Aliran asy'ariyah merupakan salah satu paham teologi Islam yang muncul pada abad ke-3
Hijriyah. Aliran ini mengembangkan paham teologi Islam yang lebih mengutamakan dalil naqli
dan membatasi menggunakan penggunaan logika filsafat. Aliran asy'ariyah dinisbatkan kepada
abu Hasan Al Asy'ari yang muncul di negeri Basrah.

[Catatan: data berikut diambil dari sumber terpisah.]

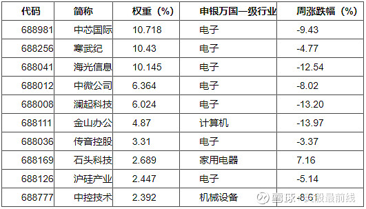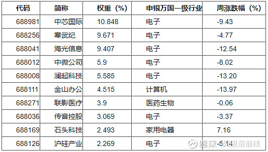 行业层面,科创板前五大行业分别为电子、医药生物、电力设备、计算机和机械设备,合计占科创板88%的公司市值。据申万一级行业统计,过去一周科创板中计算机、电子、通信、国防军工等板块跌幅靠前。
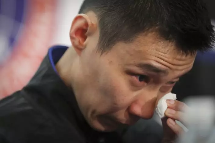 Malaysian badminton player Lee Chong Wei wipes his tears during a press conference in Putrajaya, Malaysia, Thursday, June 13, 2019. Former World No. 1-ranked Lee has announced his retirement from badminton after 19 years following his battle with cancer. (AP PhotoVincent Thian)

Ada tiga periode yang dilewati oleh abu Hasan Al Asy'ari yang pertama Abu Hasan Al Asy'ari
hidup di bawah pengaruh AL juba'i yaitu syekh aliran mu'tazilah. Yang kedua abu Hasan Al
Asy'ari berbalik pemikiran yang berseberangan dengan pemikiran mu'tazilah. Yang ketiga
periode Al Asy'ari tidak hanya menetapkan 7 sifat Allah tetapi semua sifat yang bersumber dari
nash-nash yang sahih.

Asy'ariyah dalam mengimani sifat-sifat Allah masih diselimuti oleh keragu-raguan dan
penyelewengan sehingga sangat tidak mungkin untuk masuk ke dalam mazhab ahlussunnah
secara sempurna.

Maka bisa ditarik kesimpulan bahwa As’ariyah tidak ada bedanya dengan Mu’tazilah, karena
sama-sama menetapkan akidah dengan prediksi akal, walaupun Asy’ariyah sebenarnya lebih
dekat kepada Ahlus Sunnah. Kalau Mu’tazilah, akal merupakan sumber pijakan pertama, adapun
As’ariyah tidak, hanya saja, apabila ada pertentangan antara nash dan akal, mereka akan lebih
mendahulukan akal, dengan istilah lain “Taqdimu al-aql ala an-naql”.